[EXERCISE DIRECTIONS]: What you return should match the data word for word, minus the images.

[DATA SHOWN]:
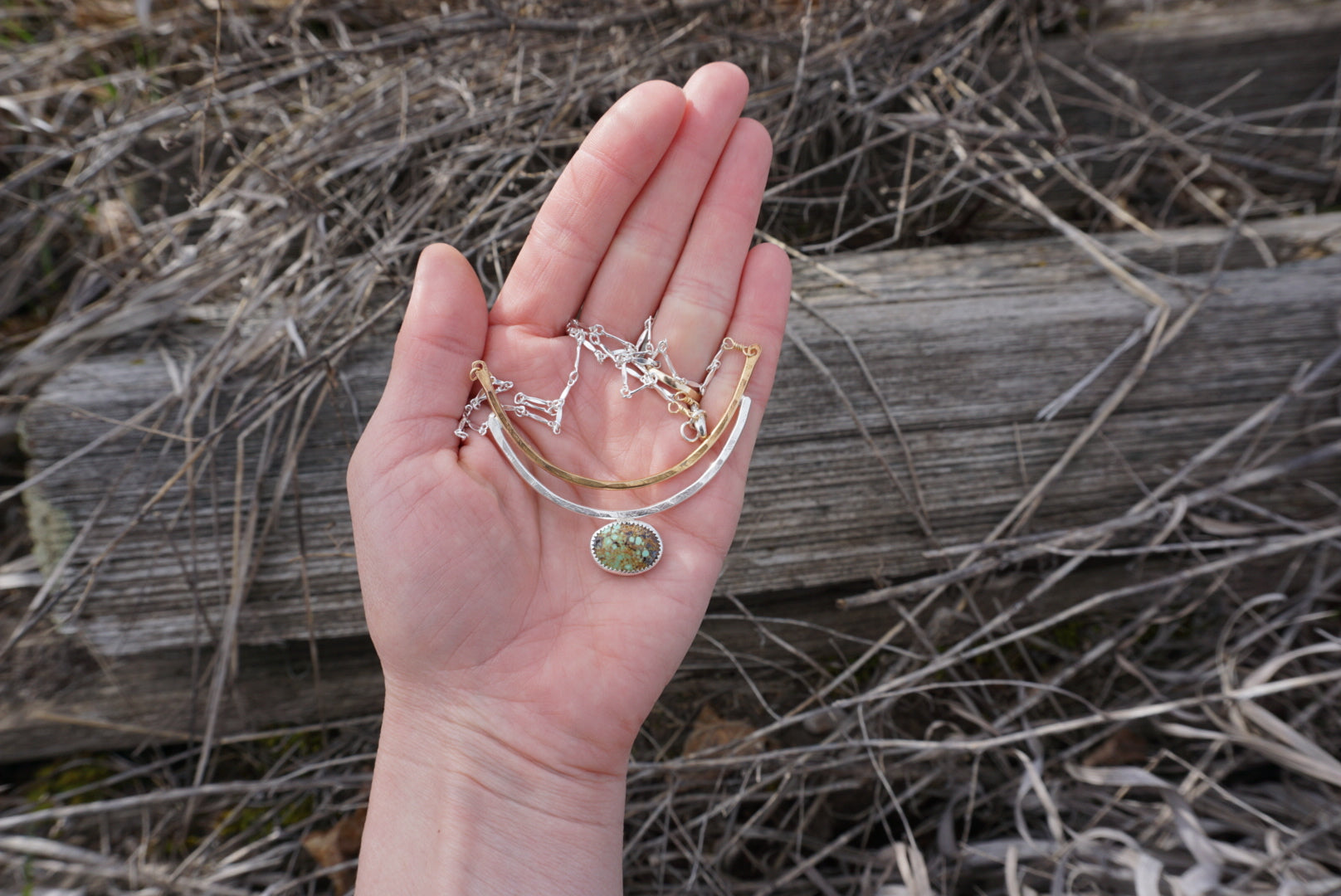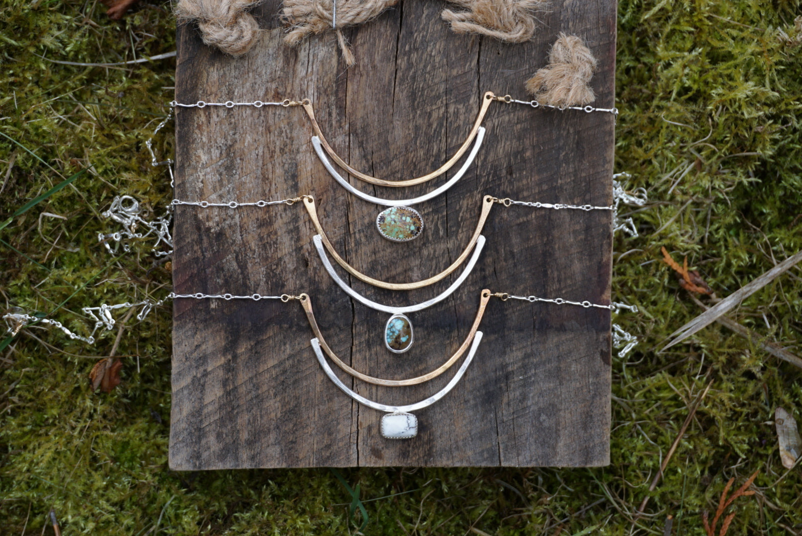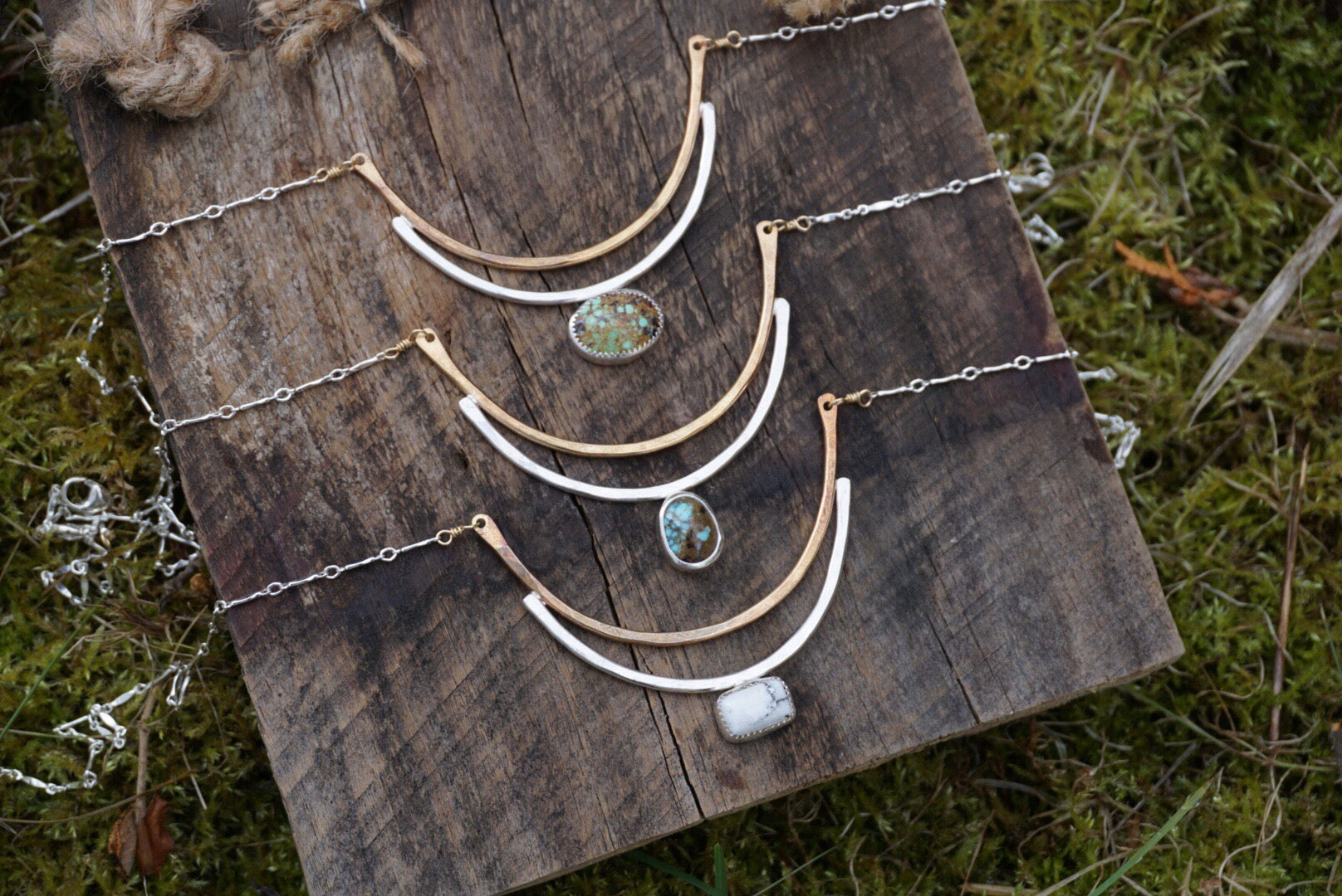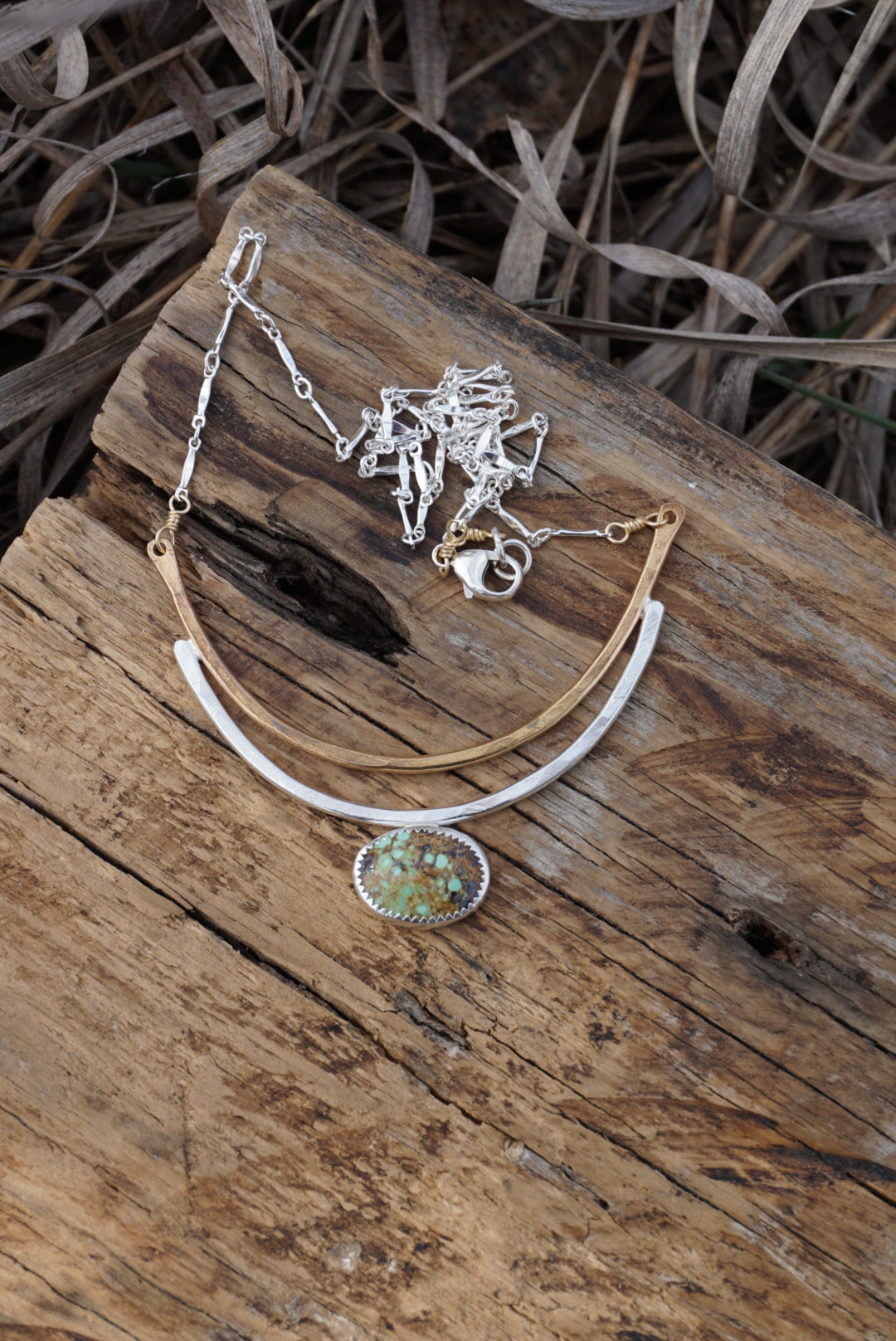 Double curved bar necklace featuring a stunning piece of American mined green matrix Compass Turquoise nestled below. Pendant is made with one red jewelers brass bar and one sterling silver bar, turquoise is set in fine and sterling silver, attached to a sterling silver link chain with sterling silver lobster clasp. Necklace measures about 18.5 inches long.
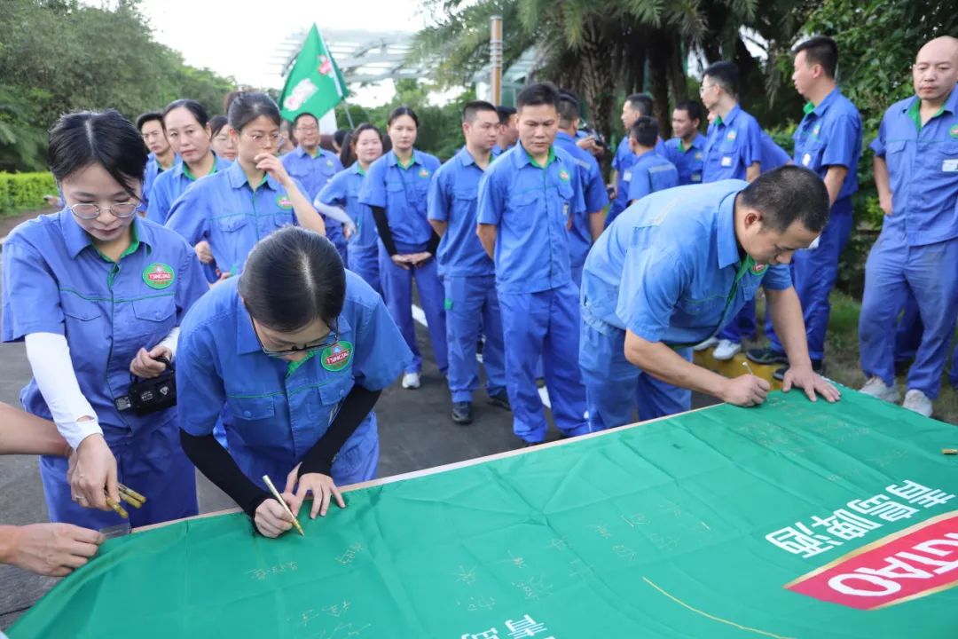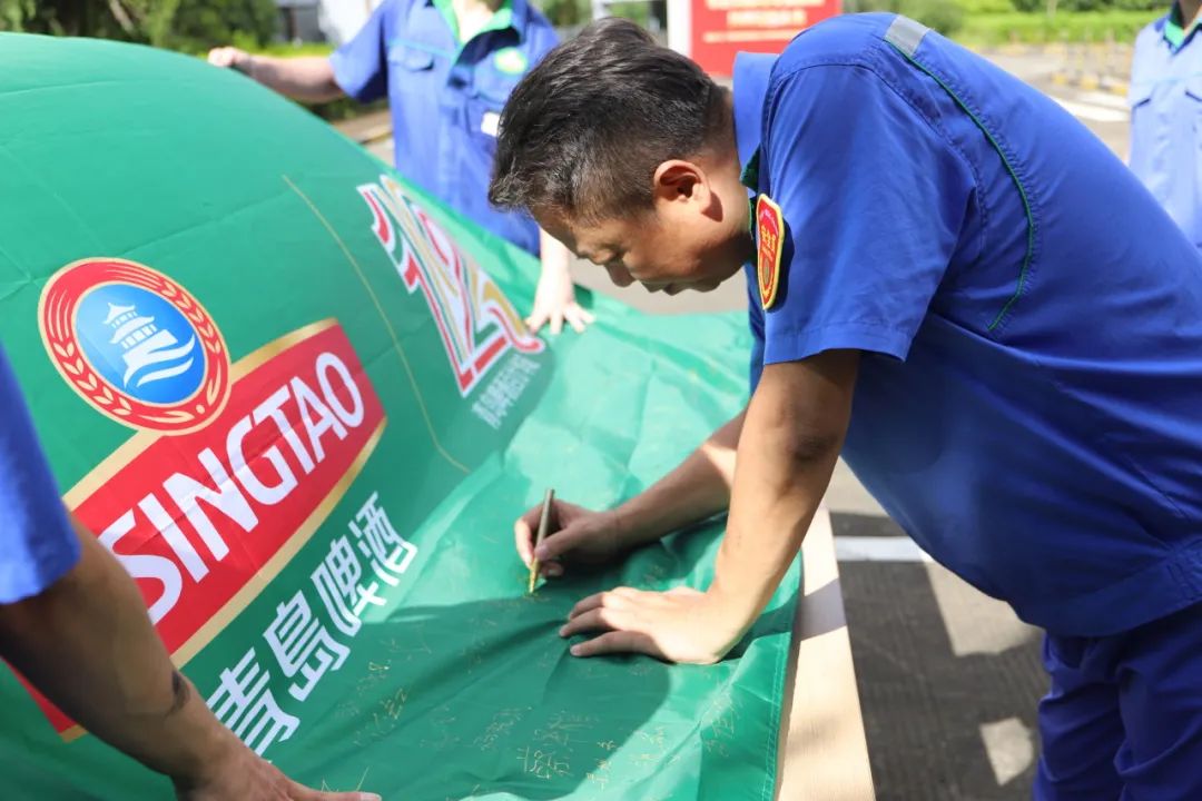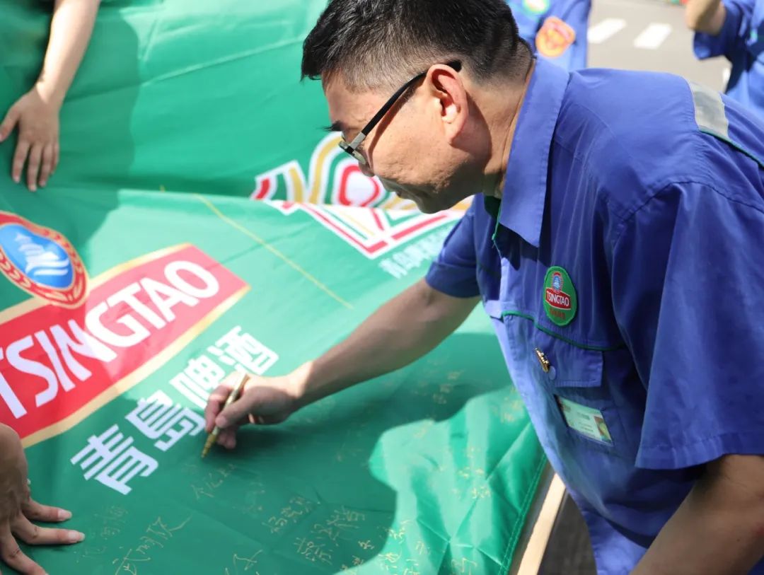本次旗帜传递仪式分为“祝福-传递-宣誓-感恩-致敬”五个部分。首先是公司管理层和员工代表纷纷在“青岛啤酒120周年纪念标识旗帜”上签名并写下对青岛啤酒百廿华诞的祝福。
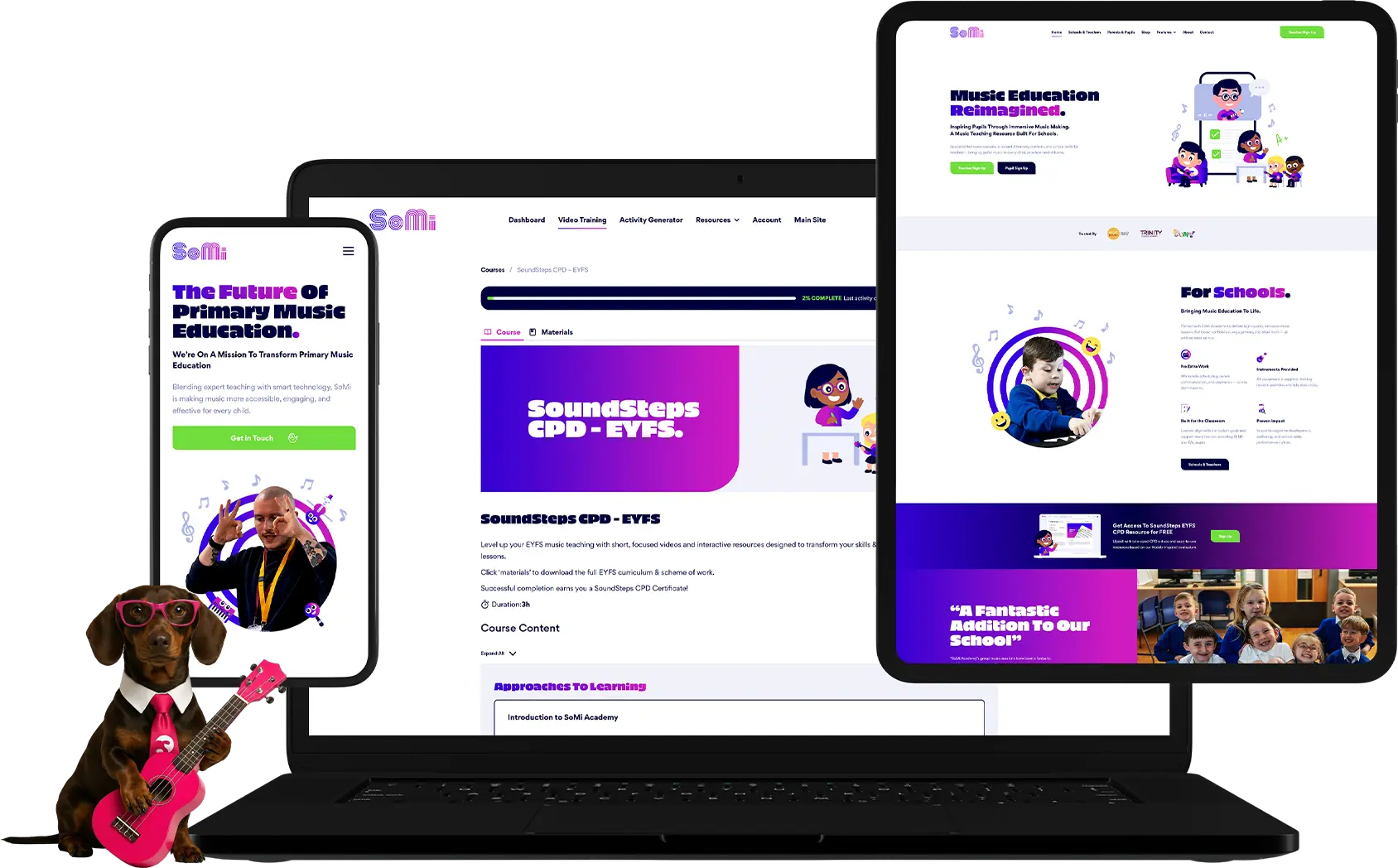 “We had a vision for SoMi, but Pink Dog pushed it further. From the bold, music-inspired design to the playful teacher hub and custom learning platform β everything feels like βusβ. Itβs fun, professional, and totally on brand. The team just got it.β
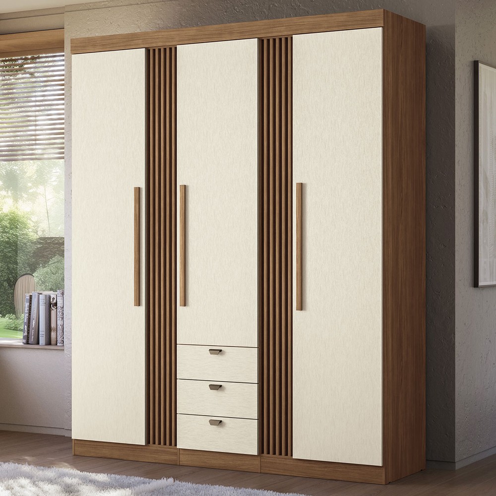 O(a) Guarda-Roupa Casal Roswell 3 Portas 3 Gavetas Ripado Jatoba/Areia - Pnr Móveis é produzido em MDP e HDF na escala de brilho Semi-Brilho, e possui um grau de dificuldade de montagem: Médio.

[ANSWER BOX]:
 Double curved bar necklace featuring a stunning piece of American mined green matrix Compass Turquoise nestled below. Pendant is made with one red jewelers brass bar and one sterling silver bar, turquoise is set in fine and sterling silver, attached to a sterling silver link chain with sterling silver lobster clasp. Necklace measures about 18.5 inches long.
本次旗帜传递仪式分为“祝福-传递-宣誓-感恩-致敬”五个部分。首先是公司管理层和员工代表纷纷在“青岛啤酒120周年纪念标识旗帜”上签名并写下对青岛啤酒百廿华诞的祝福。
 “We had a vision for SoMi, but Pink Dog pushed it further. From the bold, music-inspired design to the playful teacher hub and custom learning platform β everything feels like βusβ. Itβs fun, professional, and totally on brand. The team just got it.β
 O(a) Guarda-Roupa Casal Roswell 3 Portas 3 Gavetas Ripado Jatoba/Areia - Pnr Móveis é produzido em MDP e HDF na escala de brilho Semi-Brilho, e possui um grau de dificuldade de montagem: Médio.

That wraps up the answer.